Virginio Ferrari. Ombre della sera 1959-2003
L'Ombra della Sera
di Giorgio Cortenova
Storia ormai lunga e da sempre conturbante, quella di Virginio Ferrari scultore. Ma è bene dire che, nel suo caso, trionfa fin dall'inizio l'idea di scultura e, di conseguenza, la volontà di partecipare attivamente alle vicende dello spazio, se per partecipazione si vorrà intendere il desiderio di coniugare insieme i ritmi del tempo e i cortocircuiti della psiche.
In ogni caso, la vicenda di Virginio Ferrari appare subito inscritta in un tale clima culturale, in una siffata tipologia di sensibilità. Il nostro artista non è un ricercatore di forme. Certo, la forma lo assedia e lo insegue di fusione in fusione, di ferro in ferro; ma appunto lo insegue e non viceversa. Per lui la forma è un "accidente", non una finalità. Vale a dire che se vi sono stati d'animo e intuizioni del pensiero che in nessun'altra maniera possono essere espressi, ebbene, che allora forma sia, senza aggiungere problema a problema. Ma resta fermo il fatto che essa si propone come pretesto o contingenza, senza perciò assumere il ruolo di protagonista.
Sarà dunque vero che il cuore pulsante dell'arte di Ferrari obbedisce alle ragioni dell'evento, ma nemmeno questo può essere detto una volta per tutte, secondo parametri di stretta ortodossia di linguaggio. L'evento s'inscrive nel tempo reale o, al limite, nella sua testimonianza indiretta.

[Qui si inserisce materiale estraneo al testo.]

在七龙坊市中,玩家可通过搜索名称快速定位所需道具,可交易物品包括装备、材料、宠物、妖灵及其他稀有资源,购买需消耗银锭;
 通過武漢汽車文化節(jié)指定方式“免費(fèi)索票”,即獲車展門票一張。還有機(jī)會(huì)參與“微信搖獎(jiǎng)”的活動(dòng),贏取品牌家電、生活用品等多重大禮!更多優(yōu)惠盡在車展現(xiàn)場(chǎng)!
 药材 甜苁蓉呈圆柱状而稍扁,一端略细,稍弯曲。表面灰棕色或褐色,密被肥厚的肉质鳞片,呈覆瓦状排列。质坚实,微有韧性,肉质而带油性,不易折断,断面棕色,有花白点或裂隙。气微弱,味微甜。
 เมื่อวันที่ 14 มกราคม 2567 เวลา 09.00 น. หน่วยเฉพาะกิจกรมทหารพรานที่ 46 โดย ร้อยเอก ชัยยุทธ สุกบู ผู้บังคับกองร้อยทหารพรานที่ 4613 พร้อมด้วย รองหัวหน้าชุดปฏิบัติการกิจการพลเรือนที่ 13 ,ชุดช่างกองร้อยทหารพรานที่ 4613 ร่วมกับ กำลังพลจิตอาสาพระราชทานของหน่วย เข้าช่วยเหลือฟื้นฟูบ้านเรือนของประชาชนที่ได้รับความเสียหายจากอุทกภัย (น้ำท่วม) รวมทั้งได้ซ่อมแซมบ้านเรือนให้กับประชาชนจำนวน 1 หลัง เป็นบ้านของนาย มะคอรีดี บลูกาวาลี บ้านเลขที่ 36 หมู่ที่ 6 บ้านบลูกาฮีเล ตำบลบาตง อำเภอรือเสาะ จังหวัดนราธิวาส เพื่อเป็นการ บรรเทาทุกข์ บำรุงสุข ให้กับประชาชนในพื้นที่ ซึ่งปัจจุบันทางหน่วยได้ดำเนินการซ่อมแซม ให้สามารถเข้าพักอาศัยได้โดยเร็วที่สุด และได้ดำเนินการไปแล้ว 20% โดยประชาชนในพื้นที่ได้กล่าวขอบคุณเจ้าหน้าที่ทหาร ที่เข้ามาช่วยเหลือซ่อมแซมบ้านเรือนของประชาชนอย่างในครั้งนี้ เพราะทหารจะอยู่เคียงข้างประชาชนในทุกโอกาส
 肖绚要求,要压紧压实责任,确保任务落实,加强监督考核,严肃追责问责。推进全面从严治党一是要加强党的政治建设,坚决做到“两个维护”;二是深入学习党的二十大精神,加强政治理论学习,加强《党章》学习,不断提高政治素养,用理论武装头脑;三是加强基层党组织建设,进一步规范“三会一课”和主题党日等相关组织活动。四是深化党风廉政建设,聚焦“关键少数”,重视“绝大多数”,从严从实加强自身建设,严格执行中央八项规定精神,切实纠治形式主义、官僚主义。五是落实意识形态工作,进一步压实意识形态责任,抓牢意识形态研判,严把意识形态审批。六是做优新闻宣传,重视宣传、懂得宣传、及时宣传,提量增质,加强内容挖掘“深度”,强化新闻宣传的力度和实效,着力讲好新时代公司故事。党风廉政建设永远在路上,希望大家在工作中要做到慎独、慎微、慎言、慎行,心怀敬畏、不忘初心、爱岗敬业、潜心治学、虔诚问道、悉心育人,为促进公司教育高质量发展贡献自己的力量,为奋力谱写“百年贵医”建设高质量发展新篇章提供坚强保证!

Non è del tutto così nel caso di Virginio Ferrari, che è invece più attento al sorgere dell'idea nello spazio e all'energia che scaturisce dalla dialettica in atto.
Parafrasando un celebre quadro di Giacomo Balla, per Virginio Ferrari davvero "sorge l'idea".
Questa intenzione di cogliere l'idea a livello d'insorgenza, d'inattesa e sorprendente epifania, accompagna tutta l'opera del nostro scultore. Una tale sensibilità lo conduce verso un terreno poetico in costante trasformazione, ma soprattutto gli permette di concepire l'opera come un'apparizione, capace di far vibrare la realtà in modo tale che la stessa sembra improvvisamente risucchiata in uno spazio d'inusitate epifanie.
Il principio dell'alba, del primo sguardo sul mondo, della sorpresa che spesso si accompagna all'ironia sono elementi che arricchiscono, di stagione in stagione, la maturità presto raggiunta dal linguaggio di Ferrari. Se a ciò si aggiunge una sorta di spaesamento di fondo, che sembra incrementare il gioco iperbolico del pensiero, allora la complessità dei parametri sottesi alla sua opera si dilenea e chiarisce in quell'allucinazione lirica che caratterizza il suo percorso creativo.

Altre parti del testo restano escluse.